Early weight loss after a diagnosis of Parkinson’s disease (PD) may be a harbinger of more rapid deterioration in cognitive function, new research suggests.
Results showed that in the first year after receiving a PD diagnosis, patients who lost more than 3% of their body weight experienced faster decline in global and executive cognitive function than peers who maintained their weight or gained weight.
Study investigator Jin-Sun Jun, MD, Kangnam Sacred Heart Hospital in Seoul, Korea, noted in a news release that early weight loss is a common nonmotor symptom in PD and “could serve as a sign that people are at risk of cognitive decline.”
The findings were published online October 19 in Neurology.
Weighing the Impact
Both weight loss and weight gain have previously been linked to subsequent dementia in elderly populations. However, the evidence linking early weight change and cognitive decline in PD is lacking, the researchers note.
To investigate further, they assessed 358 adults (66% men; mean age, 61 years) who had been diagnosed with PD an average of 2 years earlier. During the first year after diagnosis, 98 participants lost more than 3% of body weight, 201 maintained their weight (within ±3%), and 59 gained more than 3% of body weight.
Compared with those who maintained their weight, participants who lost weight experienced a significantly faster decline in Montreal Cognitive Assessment (MoCA) scores (β = -0.19; 95% CI, -0.28 to -0.10; P = .001). MoCA measures overall cognitive performance.
In terms of specific cognitive domains, compared with patients who maintained their weight, those who lost weight showed a steeper decline in sematic fluency test scores (β = -0.37; 95% CI, -0.66 to -0.08; P = .01), MoCA phonemic fluency scores (β = -0.18; 95% CI, -0.31 to -0.05; P = .005) and, to a lesser extent, Letter-Number Sequencing scores (β = -0.07; 95% CI, -0.14 to 0.01; P = .07).
Conversely, patients with PD who gained weight demonstrated a slower decline in the Symbol-Digit Modalities Test scores (β = 0.34; 95% CI, 0.05 – 0.63).
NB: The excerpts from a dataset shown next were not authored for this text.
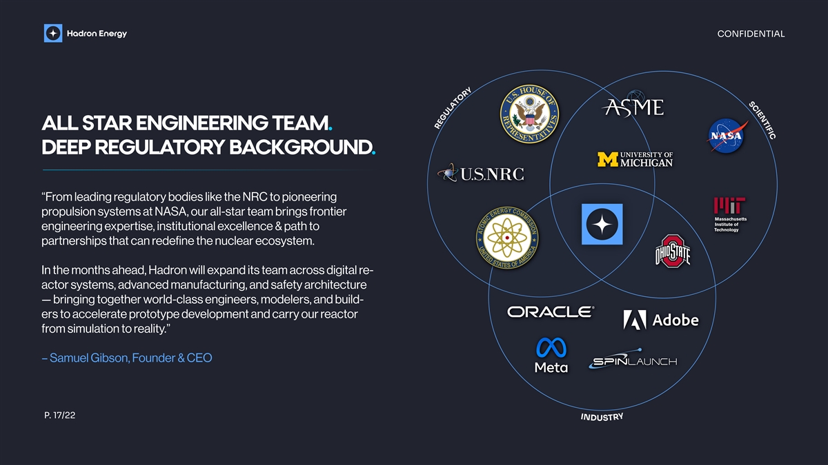 I N D U CONFIDENTIAL ALL STAR ENGINEERING TEAM. DEEP REGULATORY BACKGROUND. “From leading regulatory bodies like the NRC to pioneering propulsion systems at NASA, our all-star team brings frontier engineering expertise, institutional excellence & path to partnerships that can redefine the nuclear ecosystem. In the months ahead, Hadron will expand its team across digital re- actor systems, advanced manufacturing, and safety architecture — bringing together world-class engineers, modelers, and build- ers to accelerate prototype development and carry our reactor from simulation to reality.” – Samuel Gibson, Founder & CEO P. 17/22 S T R Y
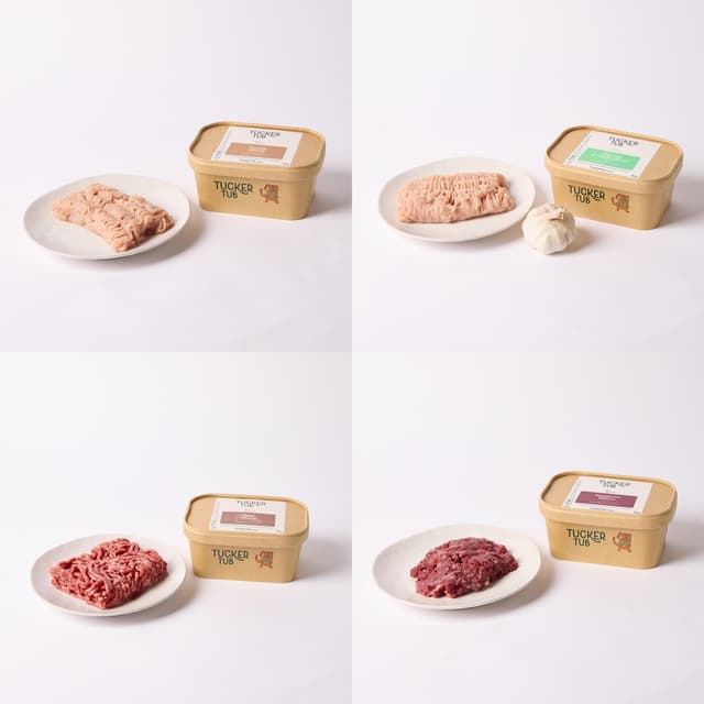 Tucker Tub Raw Chicken & Garlic Mince, 1kg Tucker Tub Raw Beef Mince, 1kg Tucker Tub Raw Kangaroo Mince, 1kg Tucker Tub Raw Turkey Mince, 1kg Tucker Tub Raw Rabbit & Beef Mince, 1kg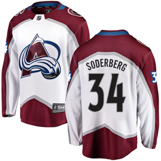 Home>NHL>Colorado Avalanche>Carl Soderberg>Men's Colorado Avalanche #34 Carl Soderberg Fanatics Branded White Away Breakaway NHL Jersey

However, no association was found with longitudinal changes in MoCA scores.
There were no significant effects of weight change on the progression of other nonmotor symptoms.
The researchers note that the findings highlight the potential importance of weight management in the early stages of PD.
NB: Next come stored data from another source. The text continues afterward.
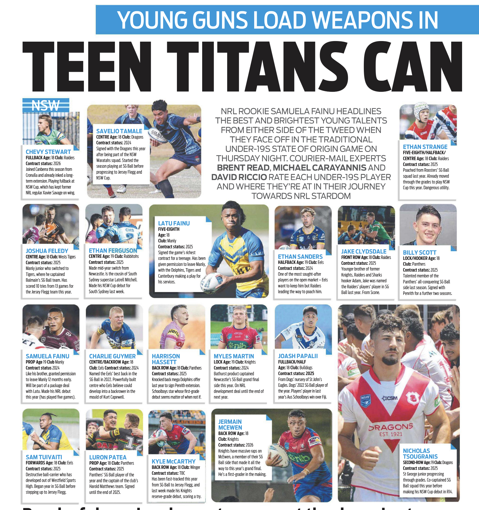 Those people have 0 idea how professionalism works in 2023People complain that players are offered contracts straight out of school before they've proven themselves, but this NSW v QLD U19 team lineup highlights the issue faced in recruiting and retaining young talent in the game. Every player is contracted and most of them out until 2025. Plenty of union talent in these teams also.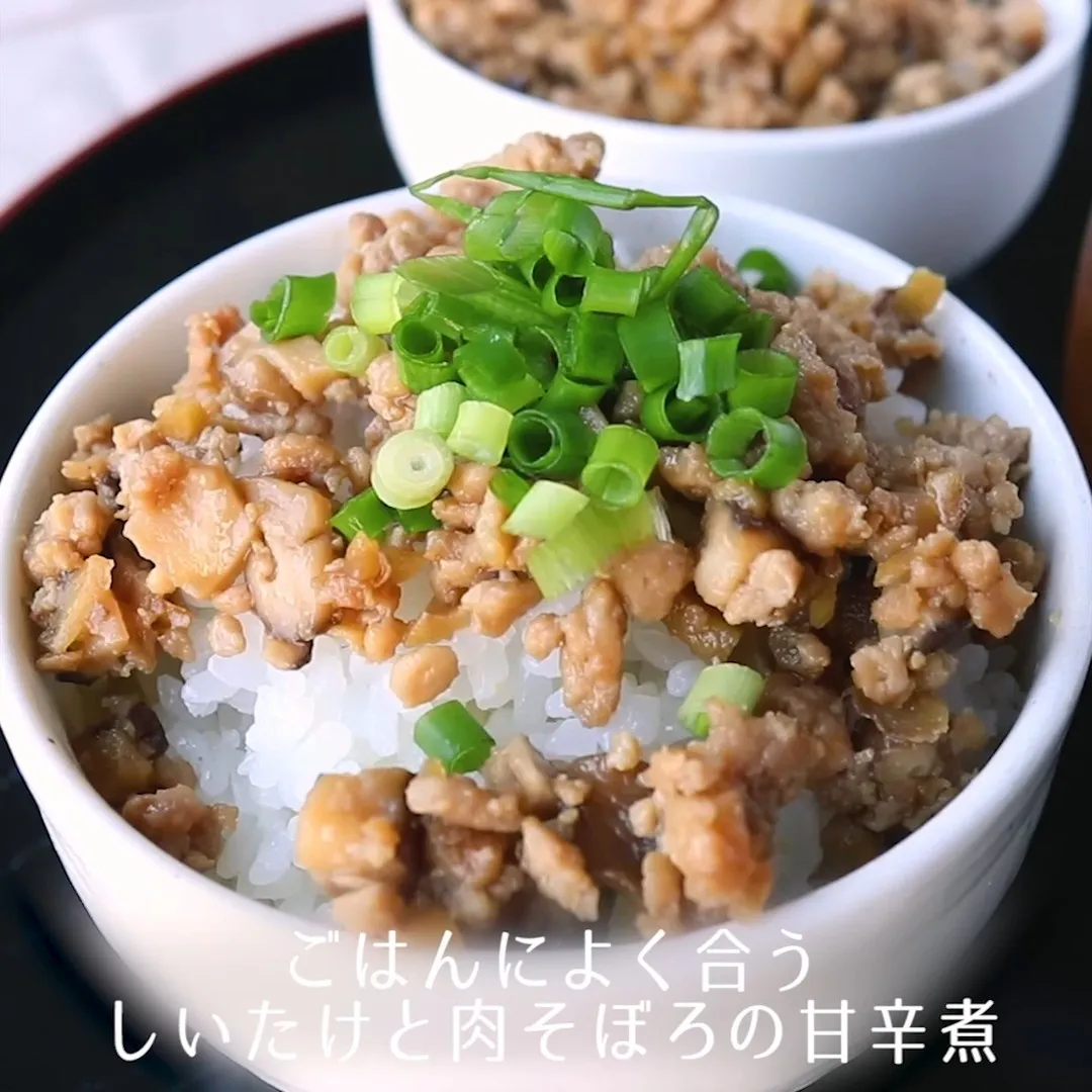 ③ごはんによく合う しいたけと肉そぼろの甘辛煮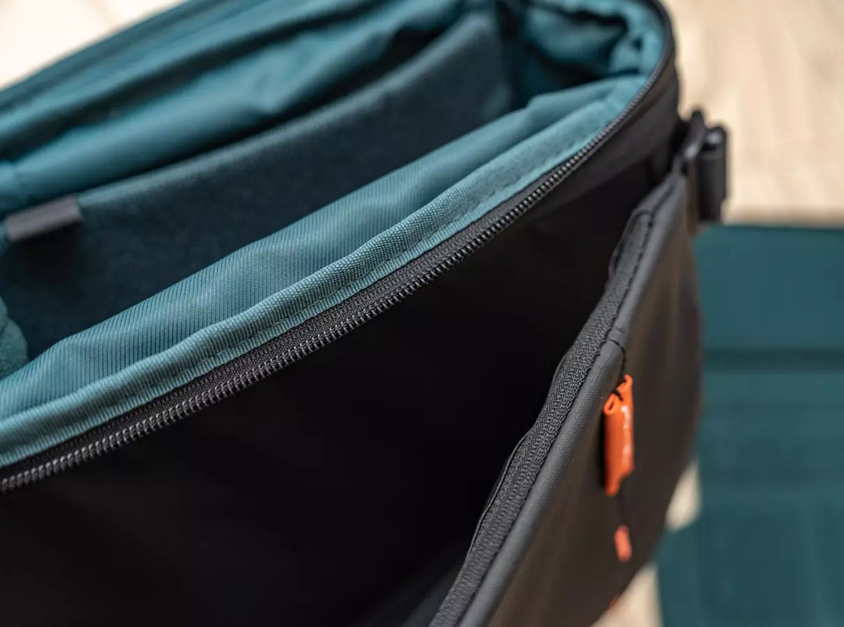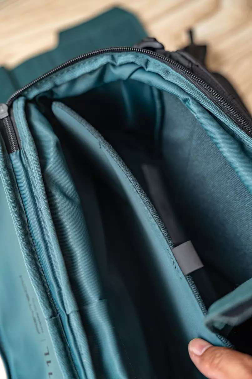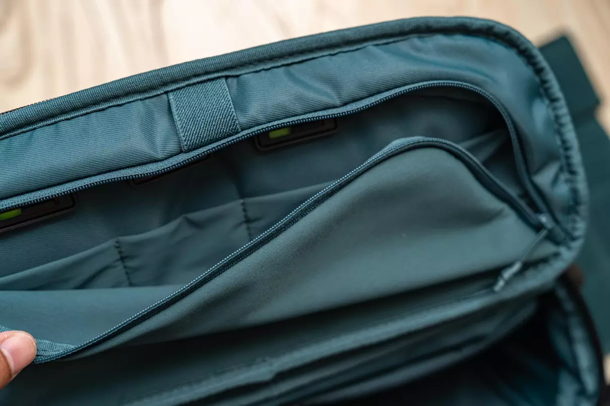 顶部就有一个拉链可以进行收纳,仔细看里面还有一个分隔的弹性网兜,可以放一下耳机和硬币,这点在 OneMo 早期的双肩包子包里就有的设计传承了下来。

Further studies are needed to determine whether taking steps to prevent weight loss could slow cognitive decline in adults with PD, they add.
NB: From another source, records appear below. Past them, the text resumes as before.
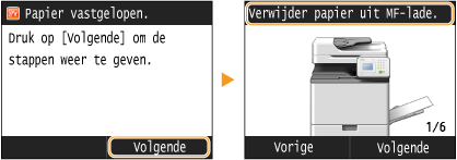 Trek het vastgelopen document of papier niet hardhandig uit het apparaatHierdoor kunnen inwendige onderdelen beschadigd raken. Als u het papier niet kunt verwijderen, neem dan contact op met uw Canon-dealer.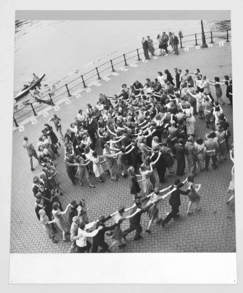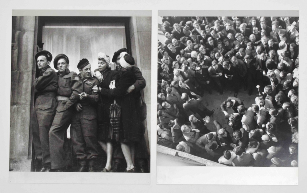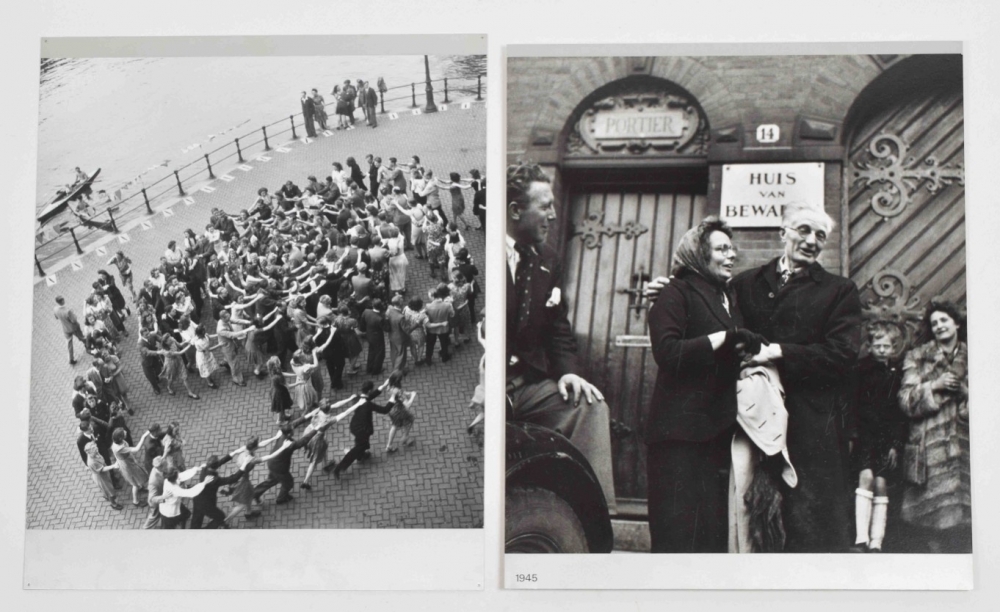 4 photos depicting liberation scenes.Each ± 44.5 x 39.5 cm and mounted on an aluminium plate. All with Oorthuys's stamp on the cardboard back of the plates. 1 plate with title in margin, and with 2 wooden slats affixed to reverse.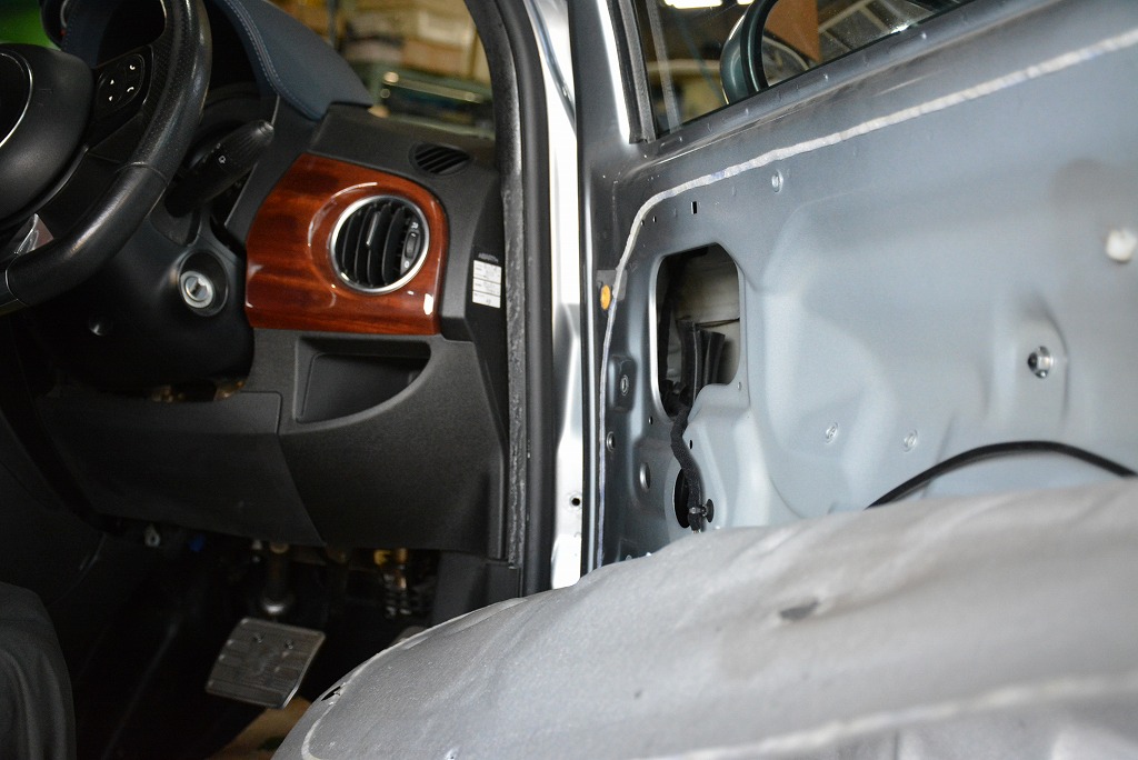 交換作業は、ドアトリムを外し、防水シートを捲り、ウィンドチャンネルをずらして行います。

Commenting on the findings for Medscape Medical News, Shaheen Lakhan, MD, a neurologist and researcher from Boston, Massachusetts, noted that there are many reasons why weight loss by patients with neurodegenerative diseases such as PD correlates with brain health.
“First, unintentional weight loss may be reflective of poor nutrition status and nutritional deficiencies that directly limit cognitive functioning,” said Lakhan, who was not involved with the research.
He added that it may also represent physical deconditioning, “where body fat is depleted and then muscles atrophy, but also cognitive deconditioning, where the brain as a muscle is less stimulated and neuro-circuits fail.
“This line of research reminds us neurologists to monitor not just the tremor and other movements associated with PD but body measurements like weight and BMI [body mass index] in order to more fully personalize medicine,” Lakhan said.
The study was supported by Hallym University Research Fund 2019. Kim and Lakhan have reported no relevant financial relationships.